Data shown =
Start of Block

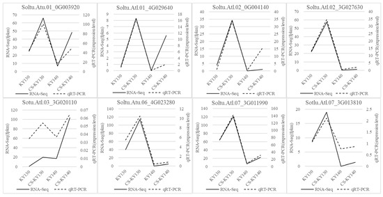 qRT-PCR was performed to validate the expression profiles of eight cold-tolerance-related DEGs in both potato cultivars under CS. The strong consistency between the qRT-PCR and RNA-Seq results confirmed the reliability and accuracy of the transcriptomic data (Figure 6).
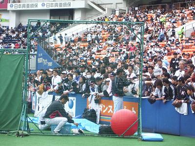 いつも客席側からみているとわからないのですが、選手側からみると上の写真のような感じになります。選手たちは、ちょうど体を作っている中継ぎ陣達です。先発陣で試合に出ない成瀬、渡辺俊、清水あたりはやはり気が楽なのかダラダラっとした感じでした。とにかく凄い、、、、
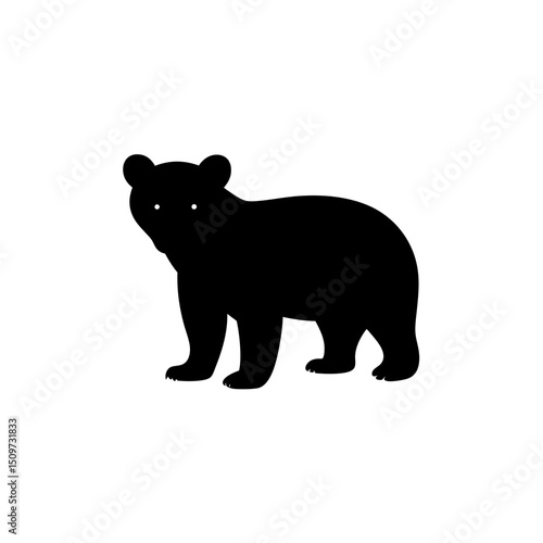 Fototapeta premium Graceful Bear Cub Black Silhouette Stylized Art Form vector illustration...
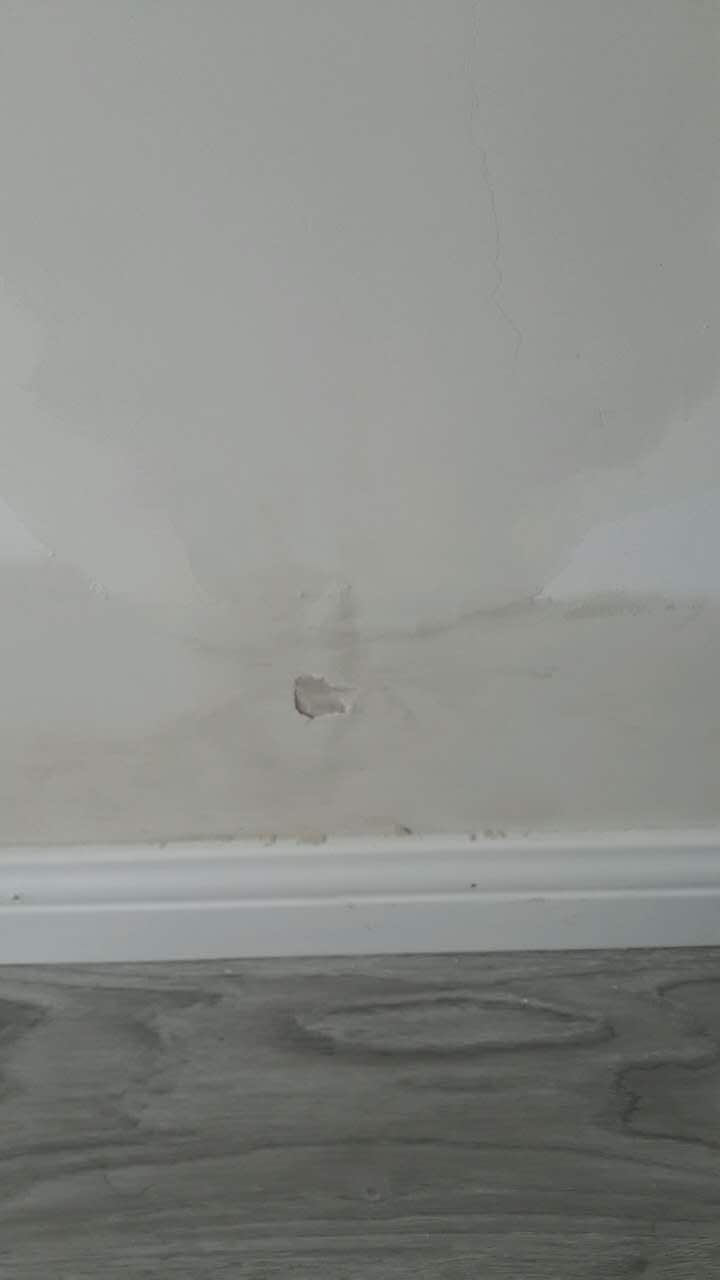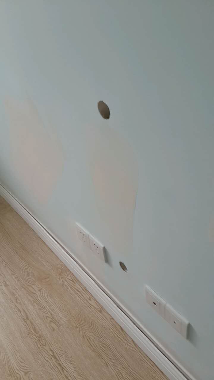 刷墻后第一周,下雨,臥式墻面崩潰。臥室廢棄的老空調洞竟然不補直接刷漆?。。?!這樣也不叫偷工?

End of Block
Start of Block

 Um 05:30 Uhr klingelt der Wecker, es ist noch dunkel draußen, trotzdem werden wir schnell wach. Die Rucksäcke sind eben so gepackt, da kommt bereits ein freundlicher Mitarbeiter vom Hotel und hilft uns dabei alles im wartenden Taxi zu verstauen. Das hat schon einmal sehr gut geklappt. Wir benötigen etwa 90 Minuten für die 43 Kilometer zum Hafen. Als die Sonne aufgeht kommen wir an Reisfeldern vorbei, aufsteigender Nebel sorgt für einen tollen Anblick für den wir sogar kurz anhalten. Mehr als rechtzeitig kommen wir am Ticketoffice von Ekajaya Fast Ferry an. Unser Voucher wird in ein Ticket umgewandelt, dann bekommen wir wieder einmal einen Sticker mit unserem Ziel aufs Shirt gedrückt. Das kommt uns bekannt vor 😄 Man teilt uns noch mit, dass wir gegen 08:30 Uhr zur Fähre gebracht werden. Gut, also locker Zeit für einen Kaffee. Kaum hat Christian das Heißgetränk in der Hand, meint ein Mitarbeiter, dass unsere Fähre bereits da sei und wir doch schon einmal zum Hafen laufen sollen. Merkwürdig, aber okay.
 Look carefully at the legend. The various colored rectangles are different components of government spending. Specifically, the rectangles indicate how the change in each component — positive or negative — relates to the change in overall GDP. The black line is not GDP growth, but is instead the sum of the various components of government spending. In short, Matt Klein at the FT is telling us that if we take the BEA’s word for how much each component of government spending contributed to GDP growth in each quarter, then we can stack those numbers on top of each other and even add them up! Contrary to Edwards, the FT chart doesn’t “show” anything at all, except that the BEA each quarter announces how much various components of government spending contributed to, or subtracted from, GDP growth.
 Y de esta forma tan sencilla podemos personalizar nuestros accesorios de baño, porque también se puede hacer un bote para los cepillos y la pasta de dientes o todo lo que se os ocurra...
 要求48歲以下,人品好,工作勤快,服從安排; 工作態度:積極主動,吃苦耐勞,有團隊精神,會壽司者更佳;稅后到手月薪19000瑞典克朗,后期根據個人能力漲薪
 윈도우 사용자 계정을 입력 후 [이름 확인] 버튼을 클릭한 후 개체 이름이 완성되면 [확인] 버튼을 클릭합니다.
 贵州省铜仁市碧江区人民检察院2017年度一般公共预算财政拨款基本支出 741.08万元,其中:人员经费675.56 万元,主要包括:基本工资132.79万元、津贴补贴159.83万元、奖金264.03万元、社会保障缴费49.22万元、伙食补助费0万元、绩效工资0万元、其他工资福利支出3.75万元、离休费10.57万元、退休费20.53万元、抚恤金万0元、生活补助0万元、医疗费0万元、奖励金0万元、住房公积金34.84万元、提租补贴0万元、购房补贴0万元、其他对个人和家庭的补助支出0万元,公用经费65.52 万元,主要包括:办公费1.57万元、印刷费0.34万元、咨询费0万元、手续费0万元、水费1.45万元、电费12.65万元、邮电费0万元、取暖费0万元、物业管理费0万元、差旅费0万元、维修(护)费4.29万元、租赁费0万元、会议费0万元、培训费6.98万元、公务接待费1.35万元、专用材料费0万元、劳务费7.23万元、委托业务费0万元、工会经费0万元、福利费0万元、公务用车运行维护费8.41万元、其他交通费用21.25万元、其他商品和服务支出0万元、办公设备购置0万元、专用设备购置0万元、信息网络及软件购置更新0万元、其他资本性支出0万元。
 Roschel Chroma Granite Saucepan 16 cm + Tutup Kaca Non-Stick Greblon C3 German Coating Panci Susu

End of Block
Start of Block

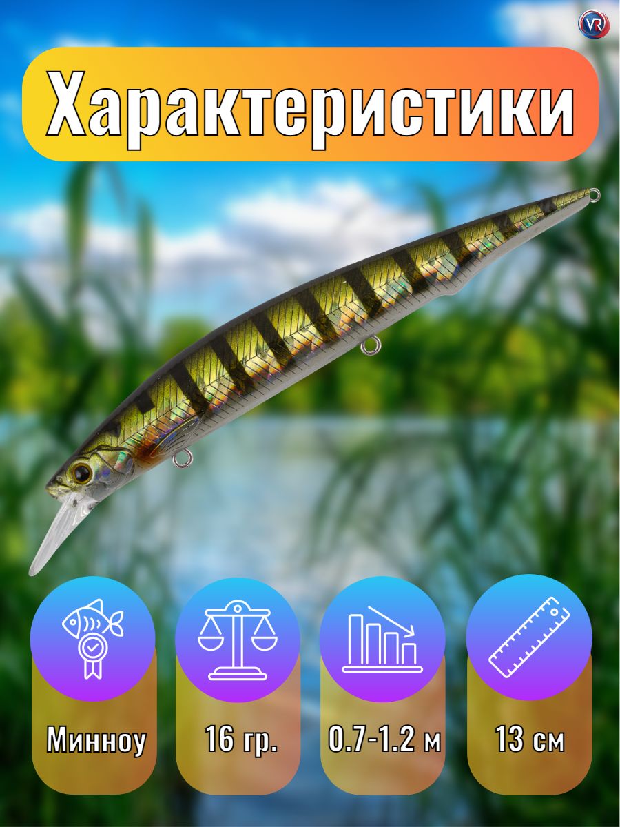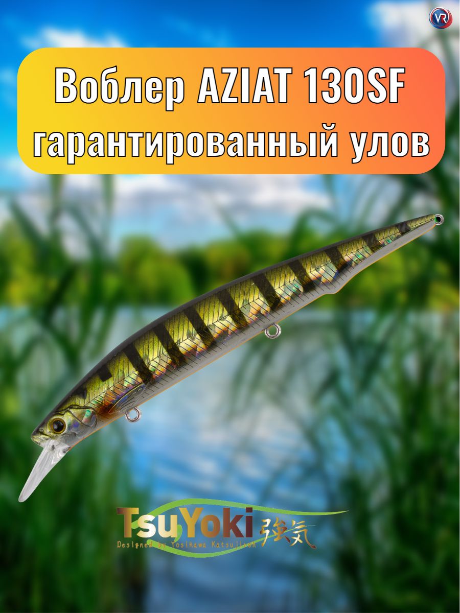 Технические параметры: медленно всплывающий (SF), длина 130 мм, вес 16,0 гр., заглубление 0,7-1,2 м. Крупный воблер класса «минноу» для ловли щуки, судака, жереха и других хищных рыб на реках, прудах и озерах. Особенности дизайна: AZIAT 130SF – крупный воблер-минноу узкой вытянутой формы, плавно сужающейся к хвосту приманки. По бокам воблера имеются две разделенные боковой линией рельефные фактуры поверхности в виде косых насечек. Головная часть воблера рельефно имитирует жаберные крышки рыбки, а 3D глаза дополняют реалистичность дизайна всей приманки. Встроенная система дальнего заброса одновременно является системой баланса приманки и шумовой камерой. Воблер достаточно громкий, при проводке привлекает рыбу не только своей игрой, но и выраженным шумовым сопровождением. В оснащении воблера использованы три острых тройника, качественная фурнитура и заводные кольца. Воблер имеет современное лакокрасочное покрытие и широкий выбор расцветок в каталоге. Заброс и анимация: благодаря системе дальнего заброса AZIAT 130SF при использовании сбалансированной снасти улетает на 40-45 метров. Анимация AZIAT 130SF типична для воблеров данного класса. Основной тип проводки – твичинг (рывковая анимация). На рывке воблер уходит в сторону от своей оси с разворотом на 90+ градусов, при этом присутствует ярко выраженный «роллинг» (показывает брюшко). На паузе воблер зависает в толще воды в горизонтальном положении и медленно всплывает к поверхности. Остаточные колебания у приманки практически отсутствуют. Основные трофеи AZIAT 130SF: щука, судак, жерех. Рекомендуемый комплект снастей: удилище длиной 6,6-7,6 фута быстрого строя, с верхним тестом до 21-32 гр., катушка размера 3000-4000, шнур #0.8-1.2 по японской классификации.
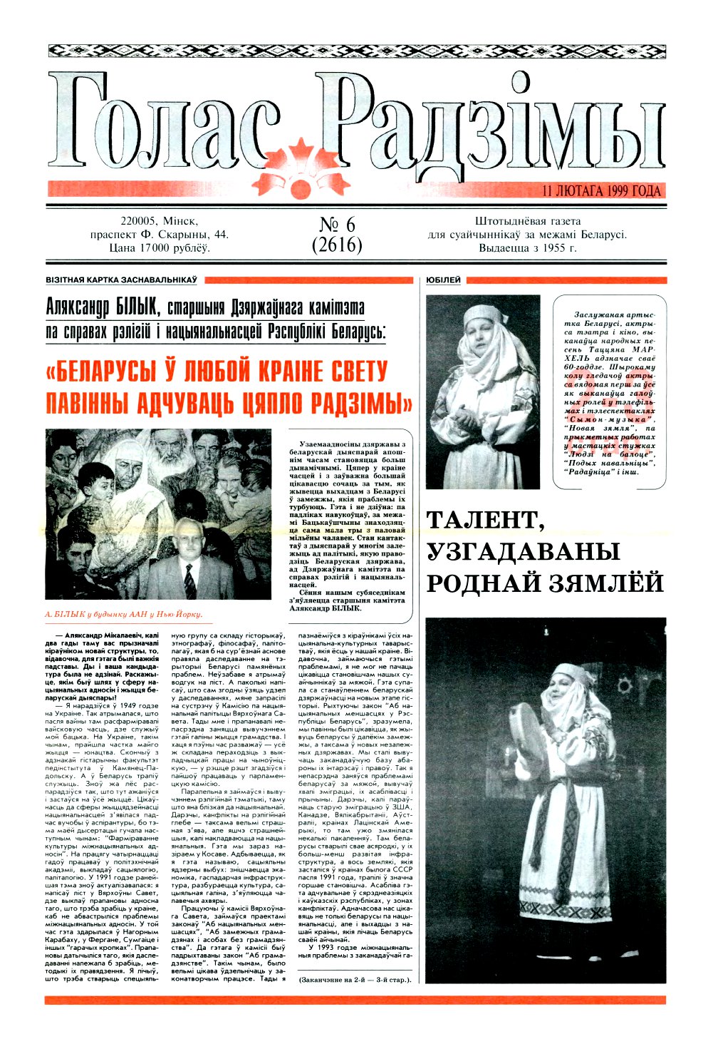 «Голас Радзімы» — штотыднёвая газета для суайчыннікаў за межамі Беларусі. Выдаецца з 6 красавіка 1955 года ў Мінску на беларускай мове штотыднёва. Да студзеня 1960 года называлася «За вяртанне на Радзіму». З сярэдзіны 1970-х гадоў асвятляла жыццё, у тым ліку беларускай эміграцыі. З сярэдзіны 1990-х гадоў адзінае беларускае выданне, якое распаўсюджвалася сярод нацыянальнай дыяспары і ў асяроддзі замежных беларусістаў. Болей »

End of Block

Exercise directions = Please give an exact copy of the lines above, beginning with the line containing "Y de esta forma" and running through the line containing "윈도우 사용자 계정을", and of no other lines.

Result below =
 Y de esta forma tan sencilla podemos personalizar nuestros accesorios de baño, porque también se puede hacer un bote para los cepillos y la pasta de dientes o todo lo que se os ocurra...
 要求48歲以下,人品好,工作勤快,服從安排; 工作態度:積極主動,吃苦耐勞,有團隊精神,會壽司者更佳;稅后到手月薪19000瑞典克朗,后期根據個人能力漲薪
 윈도우 사용자 계정을 입력 후 [이름 확인] 버튼을 클릭한 후 개체 이름이 완성되면 [확인] 버튼을 클릭합니다.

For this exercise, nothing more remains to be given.